Touring, la ruota che attraversò lo Stivale

In seguito si aprì ad altre possibilità di viaggio; promotore di strade, editore di carte topografiche

Daniele Carozzi

Il primo vagito del Touring Club fu una pedalata. Poi quella ruota di bicicletta attraversò la storia del Paese, dapprima facendo conoscere l'Italia agli italiani e successivamente educandoli alla difesa del patrimonio artistico e ambientale. Quando nel 1894, a due passi da piazza Duomo, Federico Johnson, Luigi Bertarelli e altri imprenditori appassionati di «velocipede» fondarono il Touring Club Ciclistico Italiano, le finalità dichiarate erano di tipo patriottico e istruttivo, oltre che salutistico. «Se la popolazione conosce la propria Patria, la ama» soleva ripetere Bertarelli. Il carattere dell'iniziativa, volutamente popolare, si differenziava in tal modo dal «Grand Tour» di fine secolo, esclusiva di nobili e ricchi borghesi, per consentire alle classi meno abbienti un salto di qualità: dal pellegrinaggio all'escursione.

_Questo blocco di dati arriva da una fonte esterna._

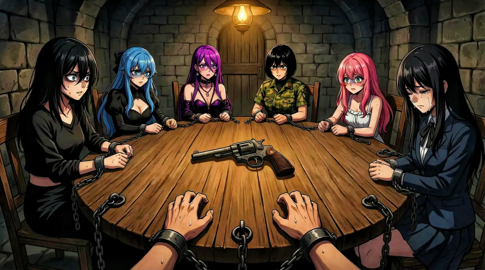 “头好痛......这是哪?”我睁开双眼,环绕着四周,身后是一个锁上的栅栏铁门,身前是一个巨大的圆桌,我坐在圆桌的一角,双手被用铁链锁在了身前的圆桌上,圆桌上还有七个和我情况一样的男女。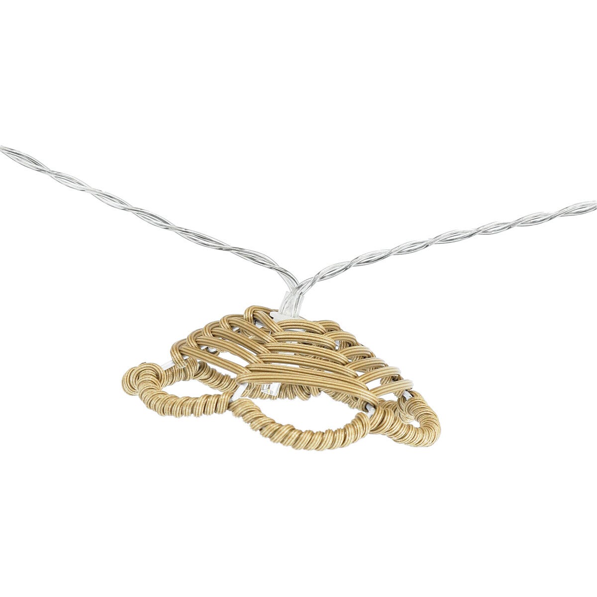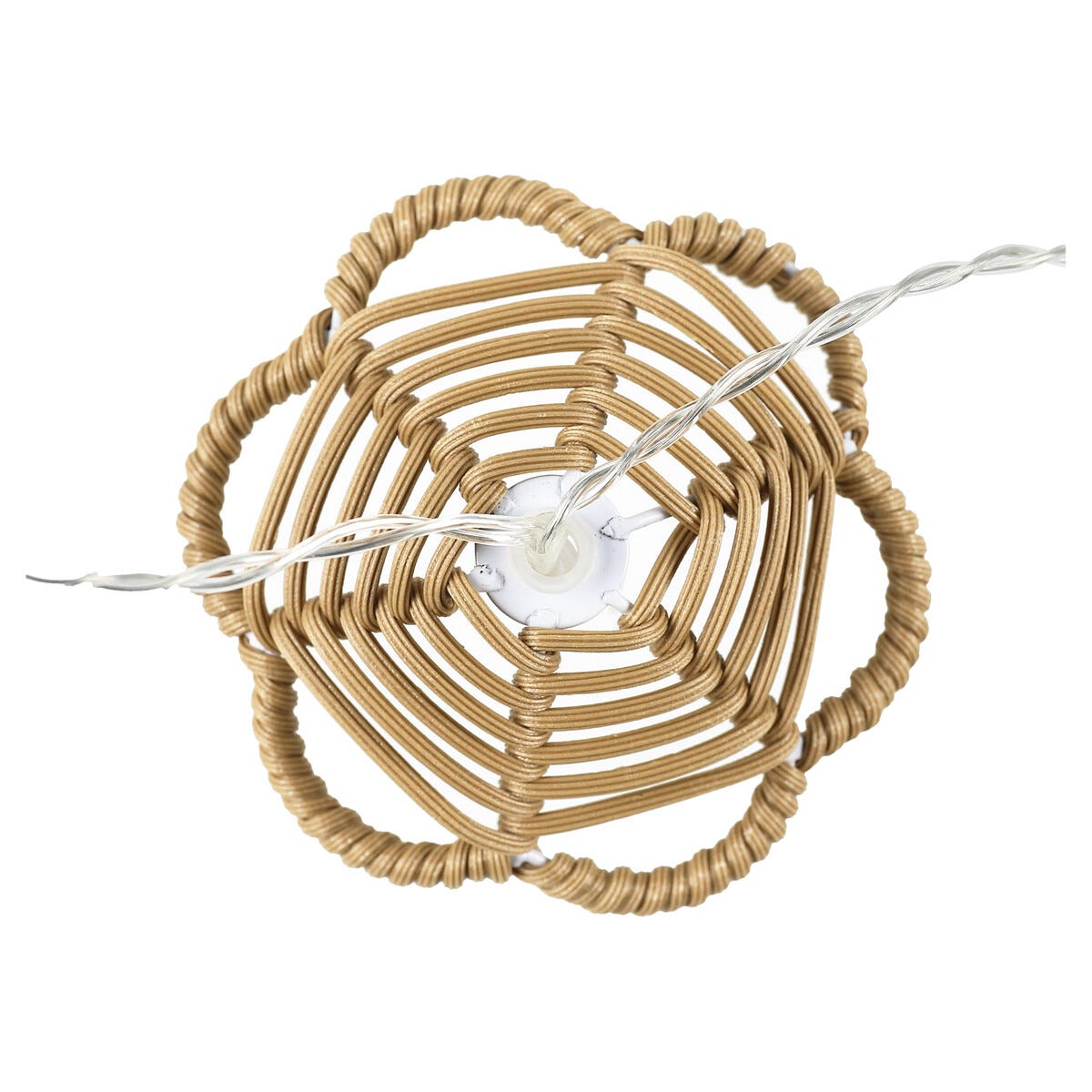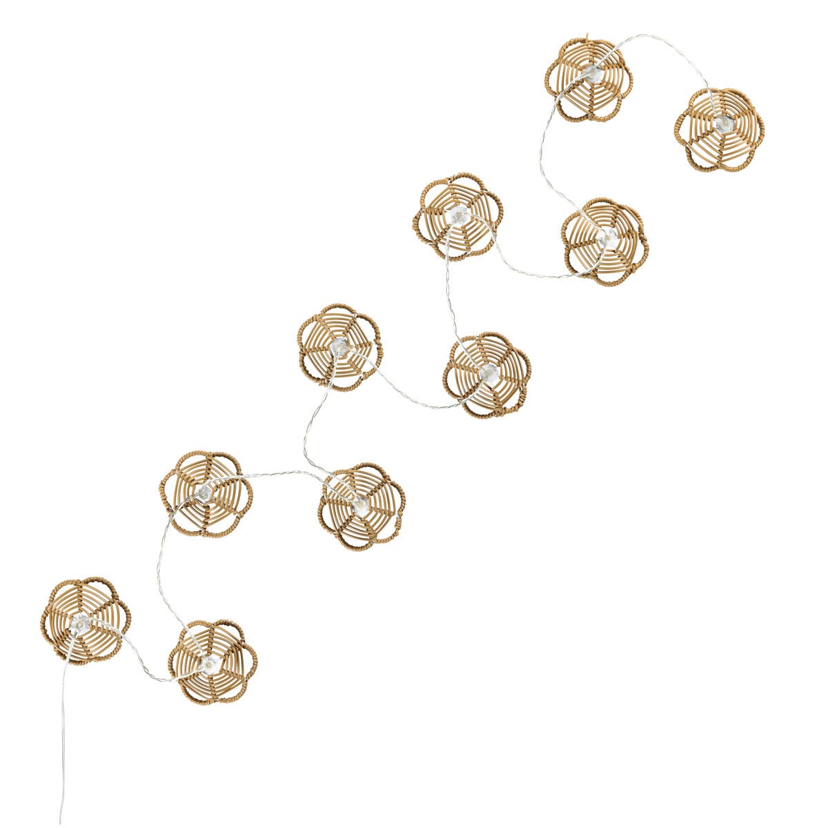 • Solcellsdriven ljusslinga med blomformade lampskärmar i konstrotting.

A piedi o in bicicletta, per scoprire le bellezze naturali e tonificarsi mediante «aria buona» ed esercizio fisico.
La scrupolosa narrazione di ciò che il Touring ha significato per gli italiani in oltre un secolo di attività è stata realizzata da Stefano Pivato, docente di Storia contemporanea all'Università di Urbino, nel suo libro «Il Touring Club Italiano» (Il Mulino, Bologna, 12 euro), che è stato presentato ieri. Oltre all'autore, interverranno lo scrittore Giancarlo Comolli e il presidente del Touring, Roberto Ruozi.
A fine Ottocento il successo del turismo ciclistico fu pressochè immediato, anche se in quei tempi il ciclista veniva ritenuto un tipo stravagante e l'uso della bicicletta, strumento considerato pressochè diabolico, fu addirittura proibito ai parroci da parte del Vaticano. Nel XX secolo, con il fremito della velocità e del modernismo, il sodalizio perde la specificazione di «Ciclistico» aprendosi ad altre possibilità di viaggio: in treno, in auto o con le prime motociclette. Promotore di nuove strade e della loro buona conservazione, editore delle carte topografiche d'Italia in scala 250.000 e della «Guida d'Italia», il Touring organizza lunghe gite di massa su due ruote riscontrando grande successo di nuovi adepti: dai 50mila soci del 1905 passerà così ai 100mila del 1911.
Accusato dagli austriaci di spiare, tramite i suoi escursionisti, le terre dell'Irredentismo per aggiornare carte topografiche destinate all'Esercito italiano (ed era vero), dopo la Grande guerra il sodalizio organizzerà le visite di soci sui luoghi delle nuove terre italiane. Con l'avvento del fascismo, pur condividendone i valori ideali del Risorgimento, il Tci si sente plagiato dalla «concorrenza» di governo: le gite dopolavoro di massa (in treno) e le migliaia di colonie per bambini create dal regime offuscano le iniziative turistiche e i villaggi vacanza per fanciulli poveri di cui il Touring fu antesignano. E dai 300mila soci del 1926 scenderà ai 160mila del 1939. Nel 1937, in osservanza alla messa al bando delle parole straniere, cambierà nome in Consociazione Turistica Italiana per riprendere l'originale denominazione nell'immediato dopoguerra. Con gli anni Cinquanta il Touring fa conoscere agli italiani l'Europa, e il decennio successivo la sua filosofia patriottica si deve sfumare in quella di educazione al senso civico ed alla tutela del patrimonio ambientale e artistico. Infatti, dal «boom» economico ai giorni nostri, un nuovo turismo di massa (ora in automobile), vede milioni vacanzieri mordi e fuggi che affollano spiagge e strade smaniosi di frivoli piaceri ma spesso incapaci di visitare in un museo. Un turismo «usa e getta» che il Touring deplora. E proprio in questo senso, forte dei suoi attuali 480mila soci, il sodalizio avrà ancora molto lavoro da svolgere.